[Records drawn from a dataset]
----------

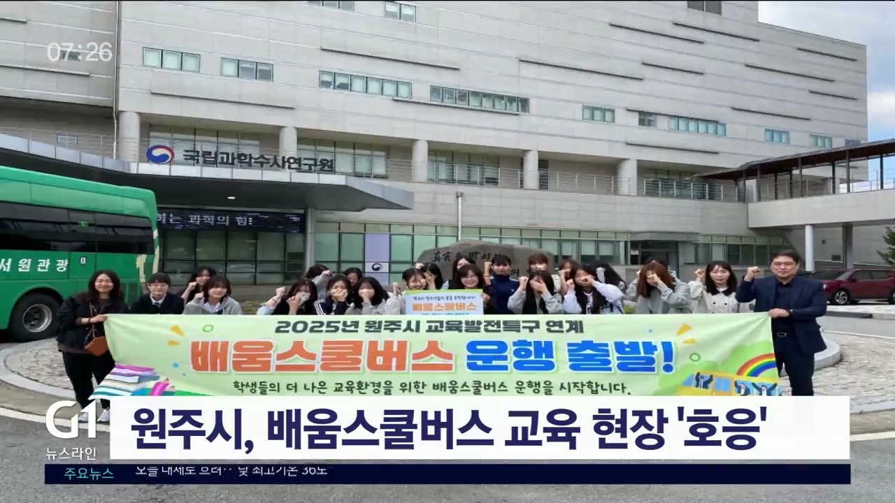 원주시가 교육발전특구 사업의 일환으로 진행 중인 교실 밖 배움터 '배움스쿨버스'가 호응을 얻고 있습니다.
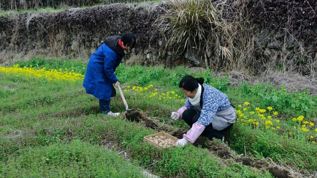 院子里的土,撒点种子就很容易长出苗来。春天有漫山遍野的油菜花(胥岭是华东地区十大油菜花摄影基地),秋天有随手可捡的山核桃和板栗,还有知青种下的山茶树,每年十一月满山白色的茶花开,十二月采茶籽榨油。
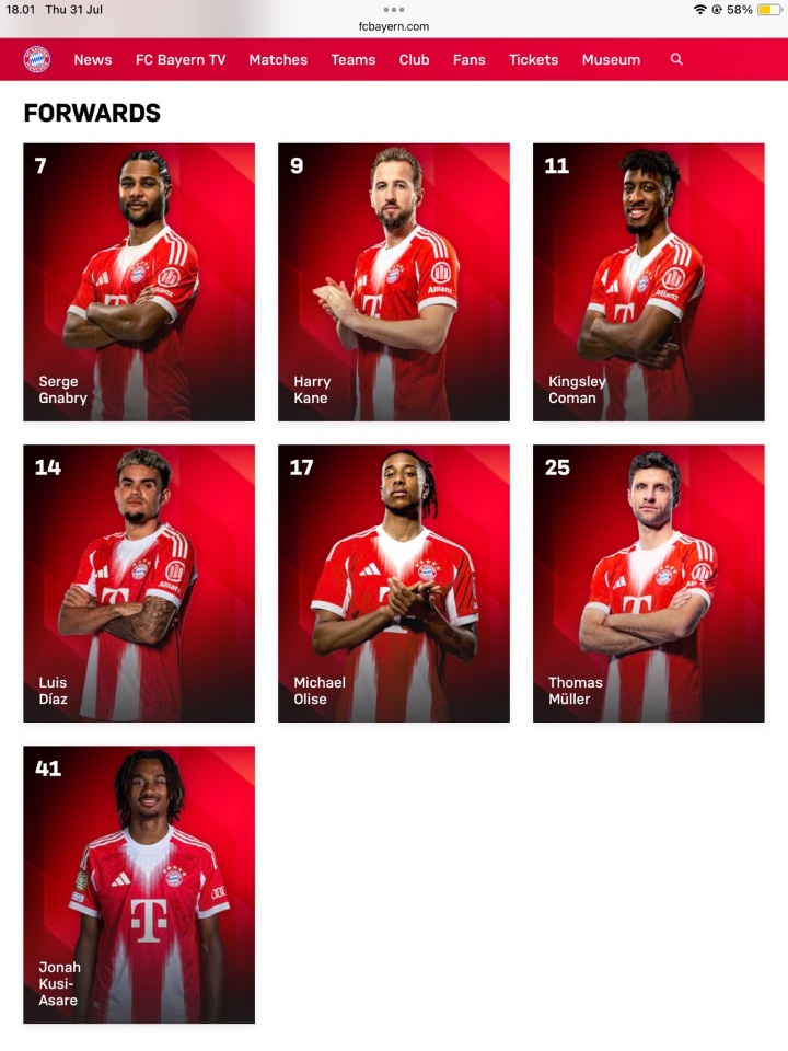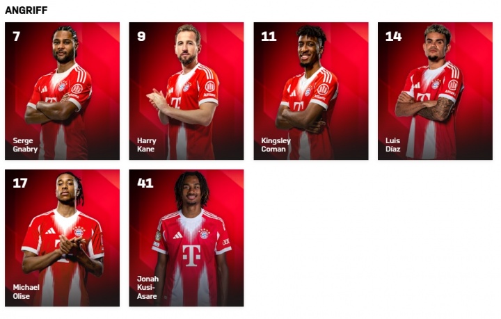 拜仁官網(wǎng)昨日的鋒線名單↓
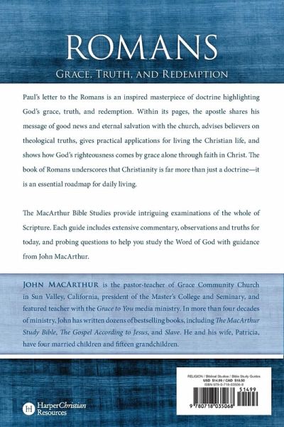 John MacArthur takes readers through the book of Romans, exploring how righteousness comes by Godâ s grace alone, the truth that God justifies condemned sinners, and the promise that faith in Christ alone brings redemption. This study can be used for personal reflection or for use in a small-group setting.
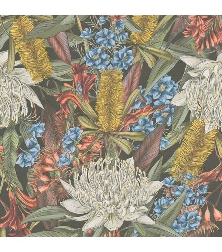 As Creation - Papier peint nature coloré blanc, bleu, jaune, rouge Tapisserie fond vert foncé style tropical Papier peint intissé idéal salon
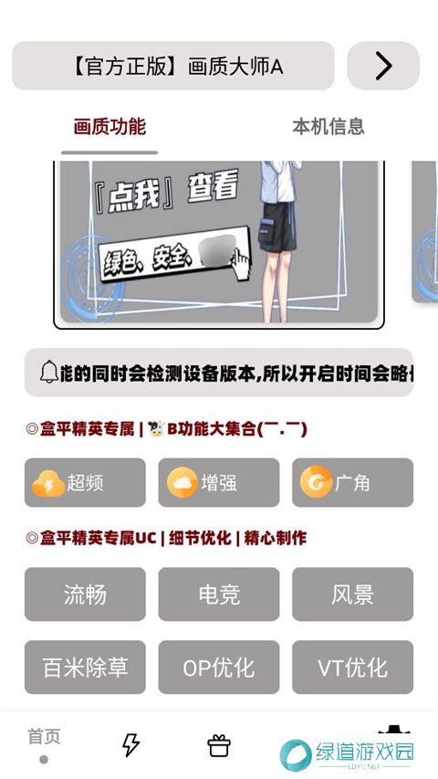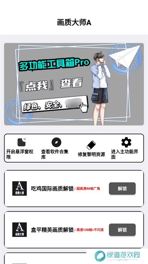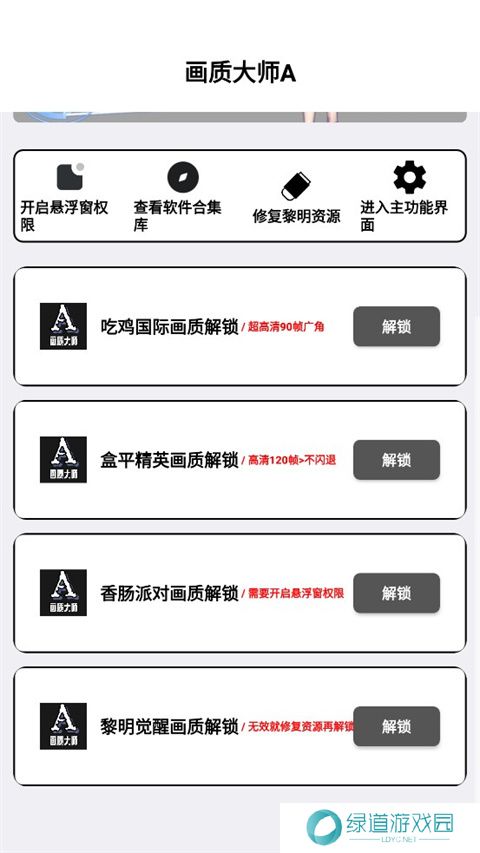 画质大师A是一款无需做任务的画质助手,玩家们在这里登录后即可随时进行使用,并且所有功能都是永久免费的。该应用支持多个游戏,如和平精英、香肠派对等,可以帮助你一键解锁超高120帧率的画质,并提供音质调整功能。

----------

=== EXERCISE INSTRUCTIONS ===
Give the data above again, exactly, with every picture removed.

=== TASK OUTPUT ===
 원주시가 교육발전특구 사업의 일환으로 진행 중인 교실 밖 배움터 '배움스쿨버스'가 호응을 얻고 있습니다.
 院子里的土,撒点种子就很容易长出苗来。春天有漫山遍野的油菜花(胥岭是华东地区十大油菜花摄影基地),秋天有随手可捡的山核桃和板栗,还有知青种下的山茶树,每年十一月满山白色的茶花开,十二月采茶籽榨油。
 拜仁官網(wǎng)昨日的鋒線名單↓
 John MacArthur takes readers through the book of Romans, exploring how righteousness comes by Godâ s grace alone, the truth that God justifies condemned sinners, and the promise that faith in Christ alone brings redemption. This study can be used for personal reflection or for use in a small-group setting.
 As Creation - Papier peint nature coloré blanc, bleu, jaune, rouge Tapisserie fond vert foncé style tropical Papier peint intissé idéal salon
 画质大师A是一款无需做任务的画质助手,玩家们在这里登录后即可随时进行使用,并且所有功能都是永久免费的。该应用支持多个游戏,如和平精英、香肠派对等,可以帮助你一键解锁超高120帧率的画质,并提供音质调整功能。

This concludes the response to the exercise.